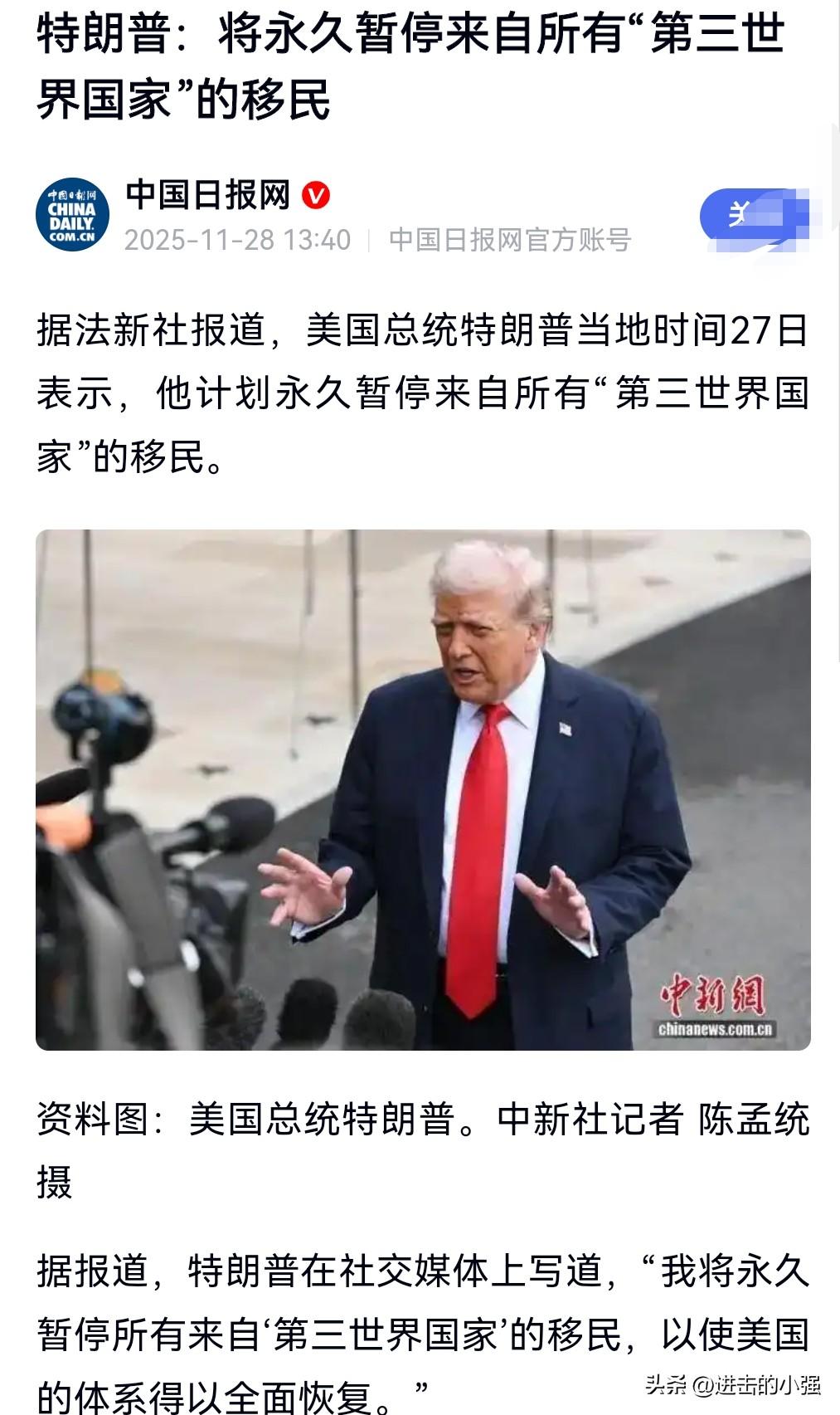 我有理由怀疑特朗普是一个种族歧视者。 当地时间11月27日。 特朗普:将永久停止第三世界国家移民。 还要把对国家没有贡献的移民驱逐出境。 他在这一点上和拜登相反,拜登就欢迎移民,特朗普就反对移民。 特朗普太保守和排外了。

★ ★ ★ ★

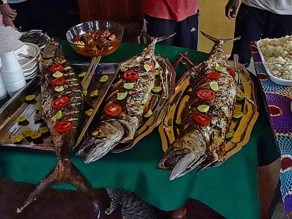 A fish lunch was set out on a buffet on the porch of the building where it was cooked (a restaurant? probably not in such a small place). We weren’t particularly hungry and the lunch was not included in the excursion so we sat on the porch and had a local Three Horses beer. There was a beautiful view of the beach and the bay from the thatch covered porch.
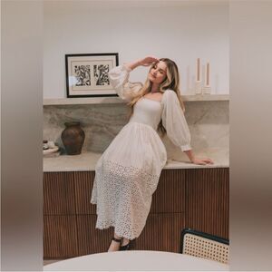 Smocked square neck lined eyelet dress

★ ★ ★ ★

### WHAT YOU SHOULD DO
Using the entries above, repeat exactly the lines from the one with "A fish lunch" to the one with "Smocked square neck lined eyelet dress", both included, and leave the pictures behind.

### TASK ANSWER
 A fish lunch was set out on a buffet on the porch of the building where it was cooked (a restaurant? probably not in such a small place). We weren’t particularly hungry and the lunch was not included in the excursion so we sat on the porch and had a local Three Horses beer. There was a beautiful view of the beach and the bay from the thatch covered porch.
 Smocked square neck lined eyelet dress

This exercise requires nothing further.